Thanks for your help.

jchodera commented 9 years ago

This error looks like it can't get to the RCSB or UniProt via HTTP.

Do you guys have some sort of proxy you need to use to access standard websites like the RCSB or UniProt?

Have you tried this from, say, the MSKCC hal cluster?

mihirdate commented 9 years ago

Thanks John and Danny, You are right. I tried it on MSKCC hal cluster and it produced output. It eve generated model but I guess failed at the end in running short MD on GPU. Can I attach output in the form of a txt file on this issue tracker? I will check with my sys-admin and make sure about firewall stuff on our end.

jchodera commented 9 years ago

Go ahead and email me the output, unless you can excerpt the relevant bit of it here using GitHub Markdown.

Were you sure to run this through an interactive session

qsub -I -l walltime=04:00:00,nodes=1:ppn=1:gpus=1:shared -l mem=4G -q active

or the batch queue? Compute-intensive tasks should not be run on the head node, and it doesn't have any GPUs.

mihirdate commented 9 years ago

We did proxy settings on our GPU (GTX780) workstation machine and ensembler example successfully completed within 15-20 min. So we have ensembler working.

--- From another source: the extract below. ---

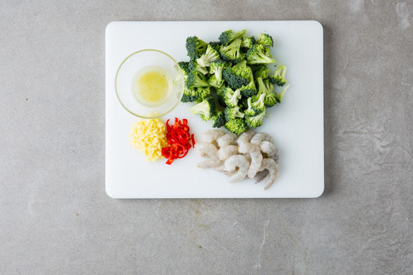 Den Brokkoli in 1,5–2cm große Röschen schneiden. Den Ingwer schälen und fein würfeln. Tipp: Der Ingwer lässt sich am besten mit einem kleinen Löffel schälen. Die Peperoni entkernen und in feine Halbringe schneiden. Die Limettenschale abreiben, dann die Limette halbieren und auspressen. Die Garnelen trocken tupfen und mit Salz und Pfeffer würzen.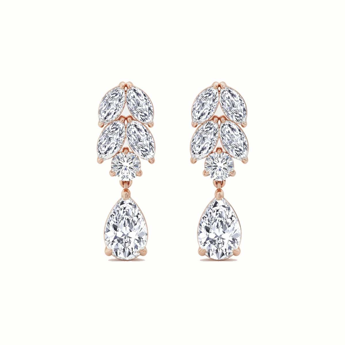 Rose Gold Pear Lab Grown Diamond Prong Setting Drop Earring

I tried submitting jobs on MSKCC hal cluster with

qsub submit-GPU.sh -I -l walltime=04:00:00,nodes=1:ppn=1:gpus=1:shared -l mem=4G -q active

The job remained on running mode for 4 hrs and then at the end did not produce any output. I think it only locked a GPU and did not actually run.

On the side note, using ensembler if I want to only model missing parts of the protein crystal structure I have, what are my options?

ensembler quickmodel --target_uniprot_entry_name my_protein --uniprot_domain_regex '^my protein' --template_pdbids ./my_pdb.pdb --no-loopmodel

jchodera commented 9 years ago

The -I to qsub opens an interactive session. If you want to submit the batch script non-interactively, it is just qsub submit-GPU.sh.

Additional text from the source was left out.